С малообитаемого островка московского младенческого рая меня перевезли в традиционный настоящий мировой рай, воспетый, восславленный и тогда еще, в середине 1950-х, не выхолощенный, живой и реальный. В том Париже еще много белогвардейцев работали таксистами и говорили на утраченном птичьем наречии; ездить в такси для советских было небезопасно. Я мало что понял, но много что ощутил, впитал кожей. Я не танцевал в том танцующем Париже на bals populaires, не ходил в джазовые кабаки, не защищал до хрипоты заморскую новинку рок-н-ролл, не сидел в кафе с косым Сартром. Но я переродился, не подозревая об этом. Стали перерождаться и мои родители.
Я вижу, будто сквозь сон, как они, словно в театре, начинают переодеваться. Все начинается с переодевания. У мамы вдруг открываются руки и шея. Она молодеет на глазах, волосы у нее кучерявятся. Вместо высокой прически, которая делала ее удивленной и озабоченной, она теперь носит короткую стрижку. Если взять ее допарижские фотографии, мама свидетельствовала о восточности России, скуластых блоковских скифах с прищуром – здесь, в Париже, эта восточность приобрела мягкие славянские очертания. Мама надевает модные желтые, голубые юбки колоколом, узкие блузки. После ее хмурых демисезонных пальто, однотонных платьев, пошитых живыми останками нэпа – портнихой Полиной Никаноровной, – они кажутся особенно разноцветными, пестрыми, как поля под Парижем, по которым я бегаю, собирая с мамой и новой домработницей Клавой (Марусю Пушкину не пустили в Париж: во младенчестве она была под немцами возле Волоколамска) красные маки с черным нутром. Мы особенно любим рвать маки. Требуем от папы остановить у кювета машину: его серую удивительную «Пежо-403» с желтыми фарами, подмигивающими поворотниками (у некоторых парижских машин были еще тогда поворотники-стрелки, выскакивавшие, как сломанное крыло, – тупиковый ход цивилизации) и зеленым, с красными цифрами, дипломатическим номером, вызывающим любопытство у тогда еще полных любопытства французов, делающим нас избранными даже в Париже. Номер таит в себе божественные возможности.
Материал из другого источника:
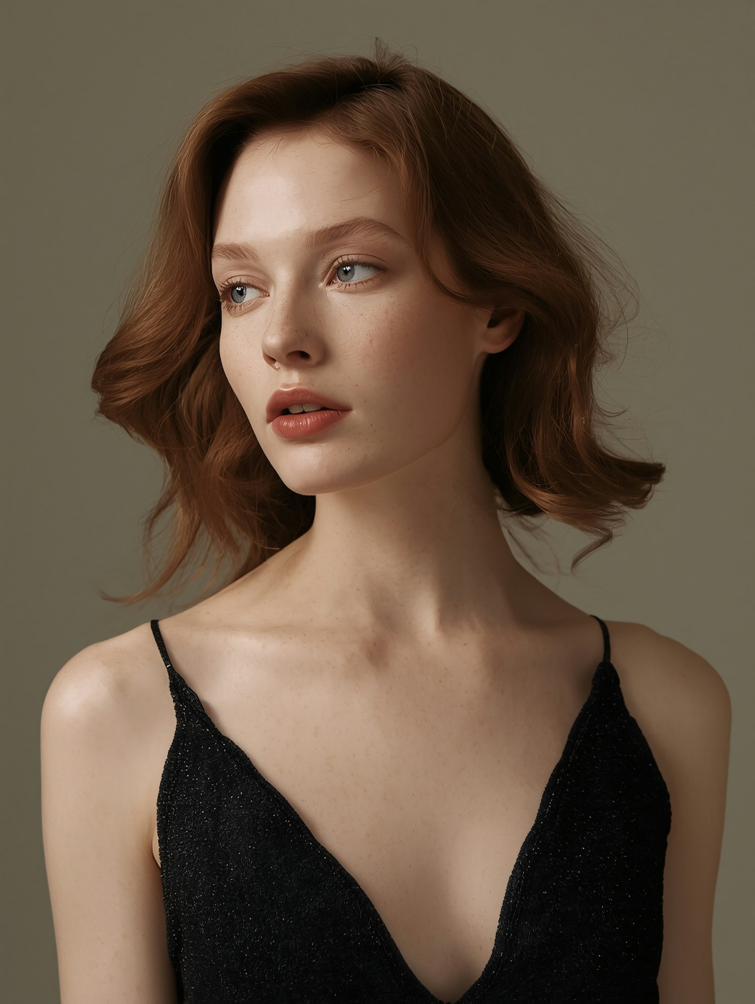 Portrait of a red-haired woman in a black top, with soft lighting and a neutral background, showcasing her natural beauty.
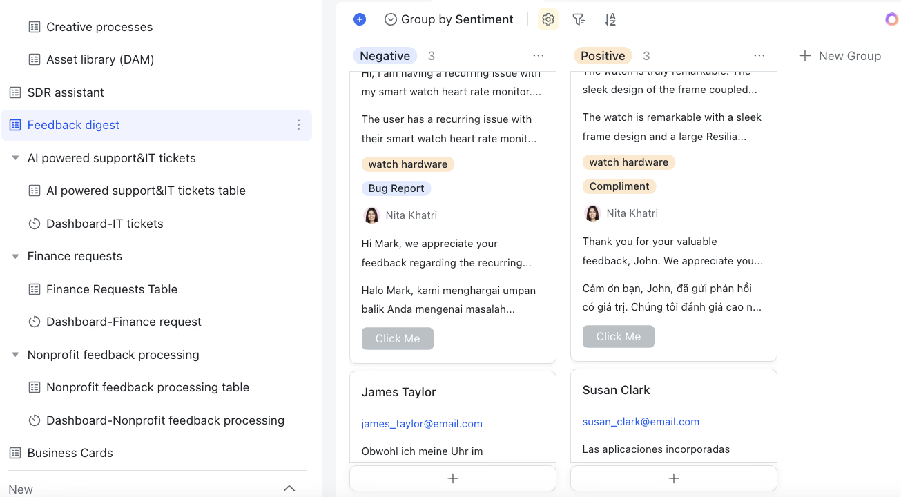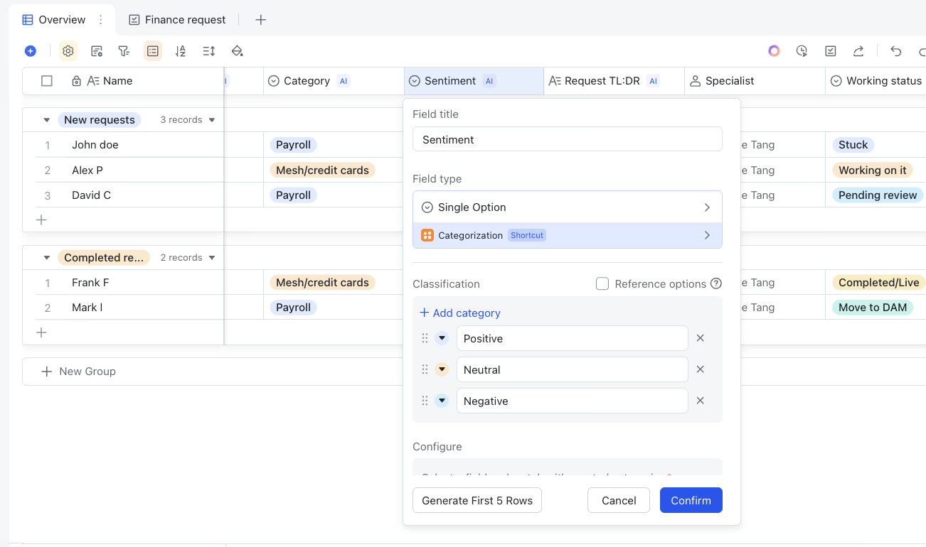 Lark Base có khả năng nhận diện cảm xúc trong phản hồi và tự động phân loại tích cực hoặc tiêu cực. Nhờ đó, đội ngũ có thể ưu tiên xử lý các phản hồi tiêu cực kịp thời để quản lý quan hệ khách hàng hiệu quả hơn. Việc giải quyết nhanh các vấn đề giúp hạn chế trải nghiệm xấu và biến tình huống tiêu cực thành cơ hội củng cố niềm tin của khách hàng vào doanh nghiệp.

Машину ставь хоть поперек дороги – полицейские с вами вежливы, как с королями. Но если идти до конца, с таким номером можно даже наехать, сбить, задавить насмерть – и ничего, лишь отправят в Москву. Эти возможности я обсуждаю с советскими мальчишками в каменном дворе посольства, и у меня кружится голова от силы и безнаказанности моего папы, о чем он, видимо, никогда не догадался. Пока же, перепрыгнув через кювет, мы лезем по склону холма за маками.
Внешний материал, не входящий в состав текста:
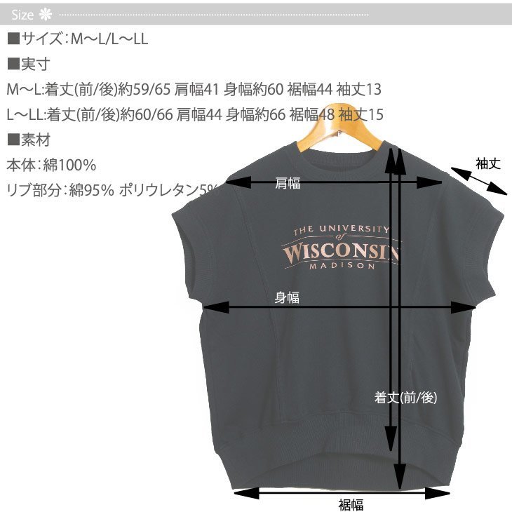 ■実寸 L~LL:着丈(前/後)約60/66 肩幅44 身幅約66 裾幅48 袖丈15
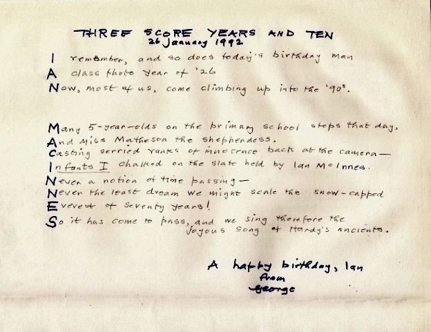 The GMB Memorial Lecture 2009, titled The Sea and the Story, was given by writer Morag MacInnes. Her father, Ian MacInnes was an art teacher, then the headmaster of Stromness Academy, and an artist. As she and her sisters grew up, George Mackay Brown was a frequent visitor in the MacInnes household. He and Ian had been friends from primary school.
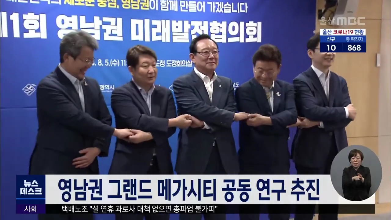 영남권 5개 시도를 수도권에 대응하는 '그랜드 메가시티'로 육성하기 위한 공동 연구가 추진됩니다. 8월까지 추진되는 이번 연구에는 울산과 부산, 대구·경북, 경남 등 4개 연구원이 참여합니다. 주요 연구 내용은 광역교통망 구축과 초광역 협력 프로젝트 사업 발굴, 영남권 광역 행정권 구축 방안 마련 등입니다. //
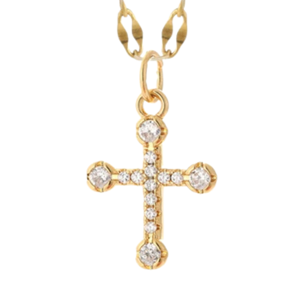 La délicatesse au bout de votre chaîne, grâce à notre splendide collier avec croix en cristaux. Ce petit pendentif croix doré arbore des zircons finement sertis, offrant une brillance délicatement contrastée par le métal doré. Ses extrémités arrondies confèrent une douceur particulière au design, tandis que son petit format en fait un bijou facile à porter au quotidien, symbole parfait de spiritualité raffinée et sobre.
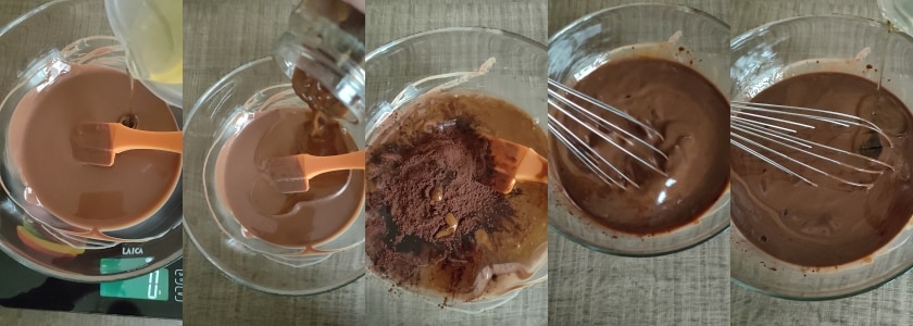 – Transfira para uma tigela o chocolate ao leite derretido no micro-ondas e 30 g de óleo de arroz, adicione a pasta de avelã, a baunilha e o cacau amargo peneirado, mexa com o batedor de mão para tirar os grumos.
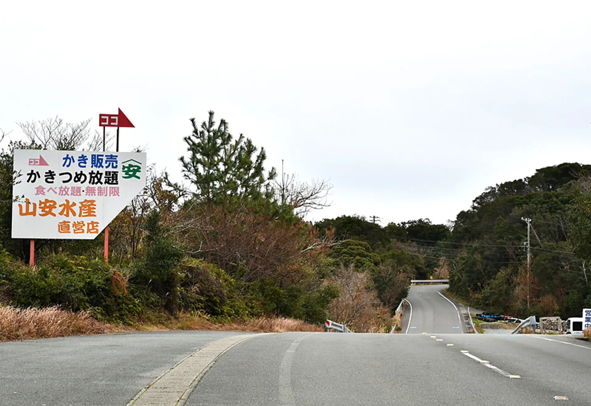 今回の目的地、鳥羽浦村牡蠣食べ放題「山安水産パールロード店」の看板を発見!
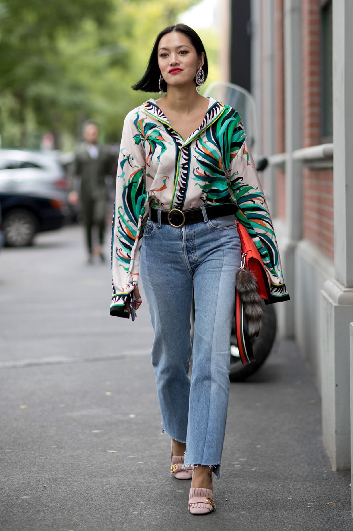La chemise ouverte à la sortie des défilés prêt-à-porter printemps-été 2017 de Milan
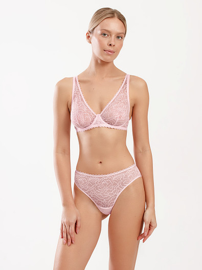 Love Story дополняет линия белья из эластичного трикотажного кружева Lace Flower с деликатным цветочным узором. Кружево выполнено без подкладки и с минимальным количеством швов, что сохраняет ощущение легкости и не утяжеляет посадку. Мягкая резинка под грудью, регулируемые бретели и выверенные формы обеспечивают комфортную поддержку и адаптацию к телу — для ежедневной носки без давления и жесткости.

Папа надевает модные струящиеся брюки. Рубашку с коротким рукавом и расстегнутым воротом он в выходные дни по-французски не заправляет в штаны. Он начинает тоже иначе стричься, назад и набок, оставляя больше волос по бокам, как французский артист. Он уже купил большие темные очки, и мама тоже купила очки против солнца: фасонные, слегка остроухие, с инкрустациями, но не слишком манерные. Родители дружно меняют часы на запястьях: у мамы они совсем маленькие, продолговатые.
Во Франции мама стала пахнуть иначе, чем в Москве. Когда она приходила ко мне сказать «спокойной ночи» (мама, боясь покойников, никогда не говорила «покойной ночи»), иначе пахли ее руки, кожа лица. В новых запахах появилось какое-то тонкое, нерусское отчуждение. Мама стала менее грузной, меньше похожей на свою маму, она меньше сутулилась, заметно похудела, у нее изменилась походка – мама вообще стала подвижной и легкой, легко исчезающей от меня. Прощаясь со мною на ночь, она, не засиживаясь, похлопывала меня по руке в утешение, сворачивала долгожданный для меня ночной разговор – ну, спи, – и легко срывалась с дивана, на котором я спал в большой комнате.
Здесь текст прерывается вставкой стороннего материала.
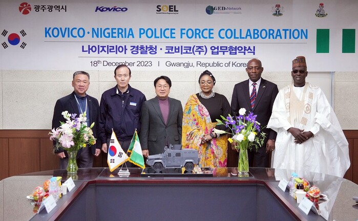이를 축하하는 기념식이 18일 오전 평동산단 코비코㈜ 대회의실에서 강기정 광주광역시장과 술레이만 이브라힘 아이만 나이지리아 경찰부장관, 압두야리 수아야우 라피아 나이지리아 경찰청 정보부 수장, 느온예 퍼디난드 주한 나이지리아 대사, 마지다디 발라 무아주 콘타고라 AGED NETWORK 대표, 김영우 산벨오데나 대표, 조광철 코비코㈜ 대표 등이 참석한 가운데 열렸다.
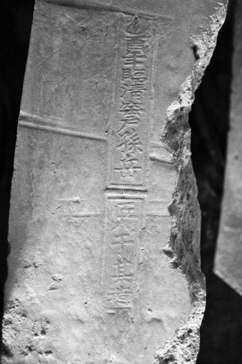戴湾镇文化站陈列的贡砖,上面字迹清晰可见。
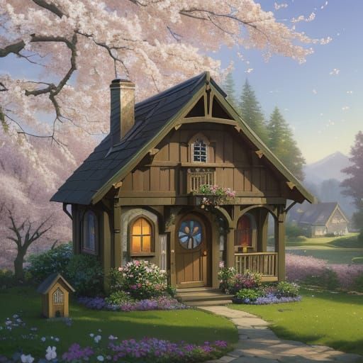This image shows a charming birdhouse cottage nestled in a cherry tree, alive with flowers and birds. Rendered as detailed matte fantasy art, the scene evokes peace and tranquility.
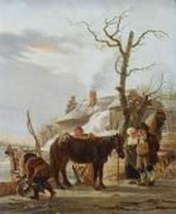 Winter Landscape, With Peasants On A Windswept Road, And A Village Behind
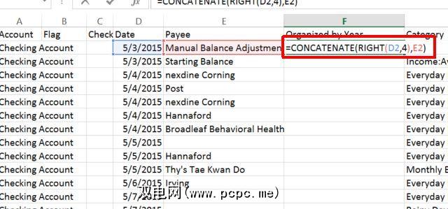 上面的函数告诉Excel将D列中的文本作为文本,并从右侧提取四个字符。 CONCATENATE 函数将这四位数字与下一行的收款人文本拼在一起。
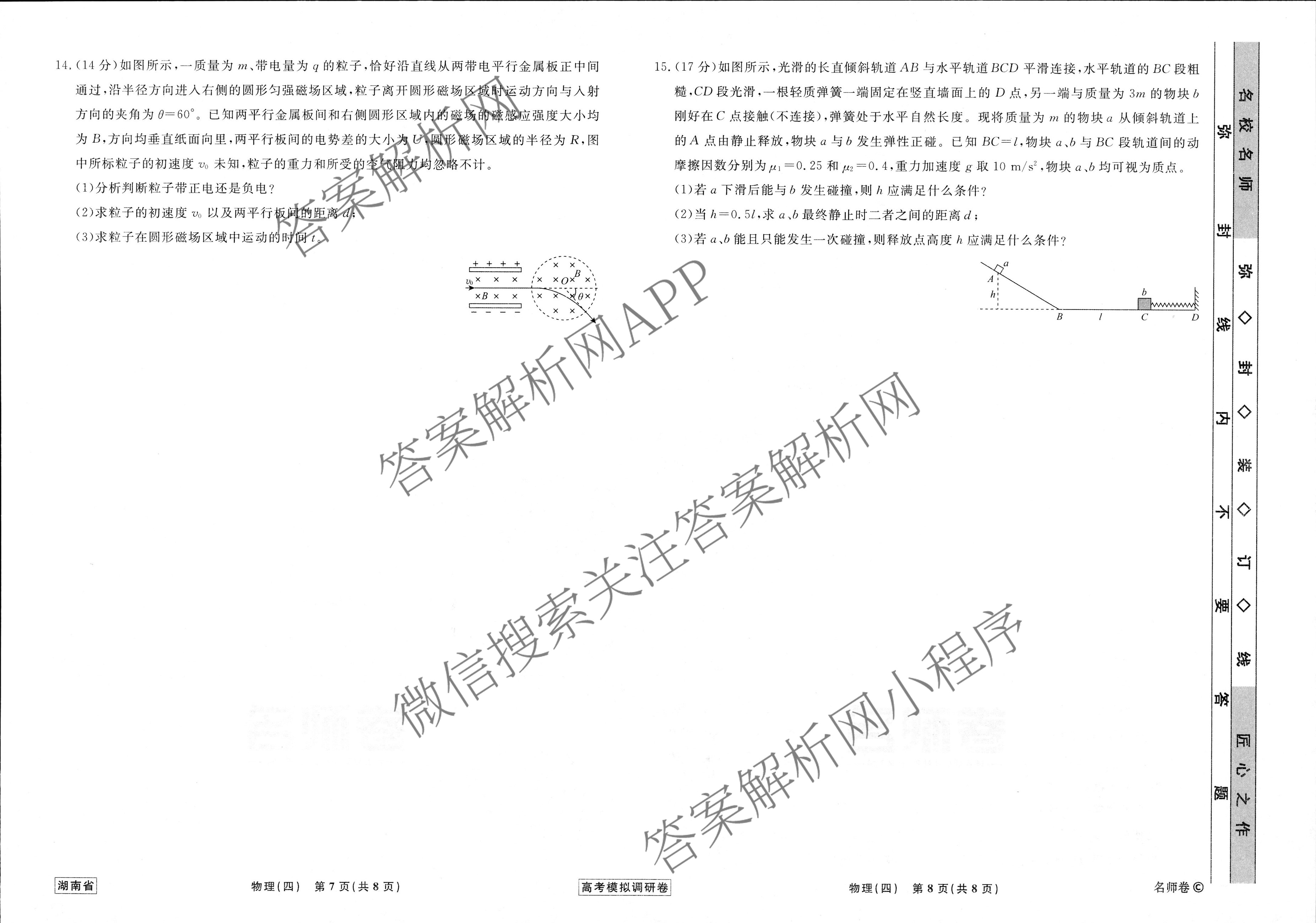 - [衡水名师卷]湖南省2023年高考模拟调研卷 物理(四)4答案

Это была ее первая долгосрочная заграница. Япония – не в счет. В Японию во время войны она приехала как патриотка, отказавшись от предложения работать в Нью- Йорке, по линии ГРУ, личинкой шпионки. В канцелярии военного атташе она вычитывала из японских газет информацию, интересную для разведки. Упорная девушка, она выучила японский, чтобы стать первой из всех советских людей, кто узнал (она прочла в «Правительственном вестнике») о казни Рихарда Зорге. Она еще не знала, кто это такой, но, судя по тому, как забегали русские военные по посольству, ей стало ясно, что случилось нечто значительное. Напротив советского посольства висела надпись по-японски: «Все иностранцы – шпионы». Мама возмущалась бестактностью этой надписи. Она также возмущалась бестактностью японцев, которые после бани шли по Токио в развязанных кимоно, демонстрируя половые органы, а их жены едва поспевали за ними.
Позже, в Москве, она присутствовала на допросах немецко-русской супружеской пары, коллег Зорге, которых доставили в СССР после войны из японской тюрьмы. Русская женщина в японской тюрьме раскололась, и теперь пара ждала своей казни. Можно представить себе, какими глазами они смотрели на мою будущую маму, которая, по-прежнему работая в ГРУ, записывала их показания. Но эту пару вместо казни тихо отправили в Восточную Германию, которая много лет спустя сделала из них героев. После женитьбы отец сразу перевел маму на работу в МИД, в отдел печати, как в более безопасное место.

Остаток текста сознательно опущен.